The Company's executive compensation philosophy is designed to:
o attract and retain the high quality executive talent which is
needed to ensure both the short-term and long-term success of a
technology driven and entrepreneurial company;
o reinforce the Company's objectives through the significant use of
short-term and long-term incentive awards based upon achievement
of specific business objectives;
o create alignment of interest between executives and the Company's
stockholders through compensation structures that share the
rewards and risks of strategic decision-making and performance;
and
o emphasize long-term financial rewards as the primary compensation
component of executive compensation.
The Compensation Committee annually reviews competitive compensation
practices and trends provided by independent compensation consultants for the
biotechnology industry.

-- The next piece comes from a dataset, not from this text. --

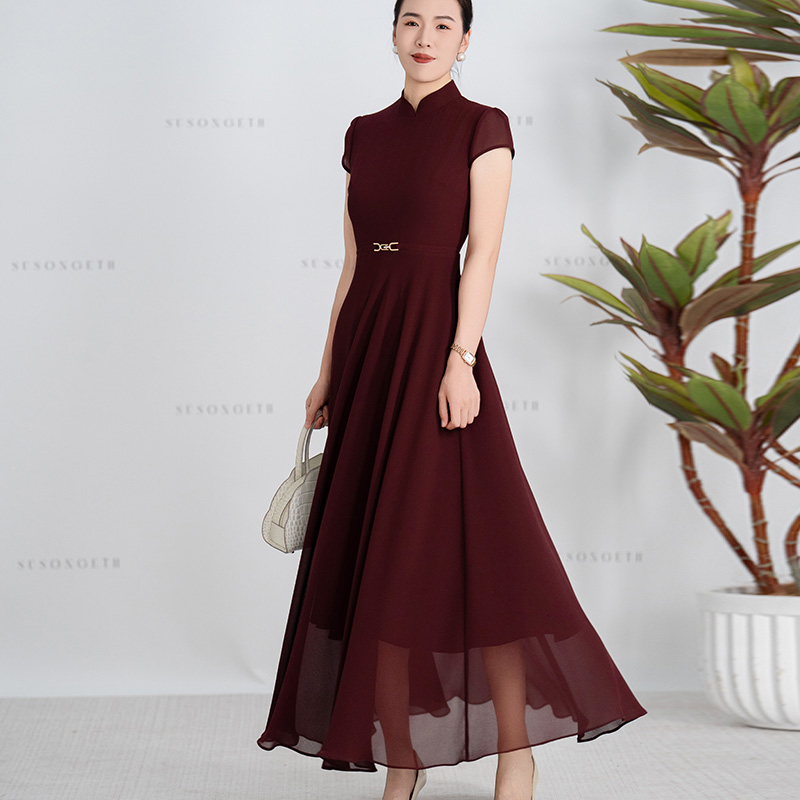 扭结连衣裙气质优雅长裙宴会礼裙 复古V领长袖 韩语琳 法式

Emphasis in this review is placed on comparing
biotechnology companies of similar size, market capitalization, and stage of
development similar to the Company, particularly agricultural biotechnology
companies. The Company attempts to provide total compensation to its executives
at competitive levels compared to these other companies. Executive compensation
consists of a mixture of base salary, annual incentive awards, long-term
incentive awards and benefits.
Base Salary. The Company's base salary philosophy is to offer
competitive base salaries compared to other comparable companies' executive base
salary practices. The Compensation Committee makes annual base salary decisions
after review of appropriate data and with input from the Chief Executive
Officer. The annual review also considers the decision-making responsibilities,
experience, individual performance and current base salary level of an
executive.
After considering the factors described and the additional factors that
1) certain executives' base salaries had been frozen for three years (Mr.
Serenbetz), four years (Mr. Evans), and six years (Mr. Bedbrook) and 2)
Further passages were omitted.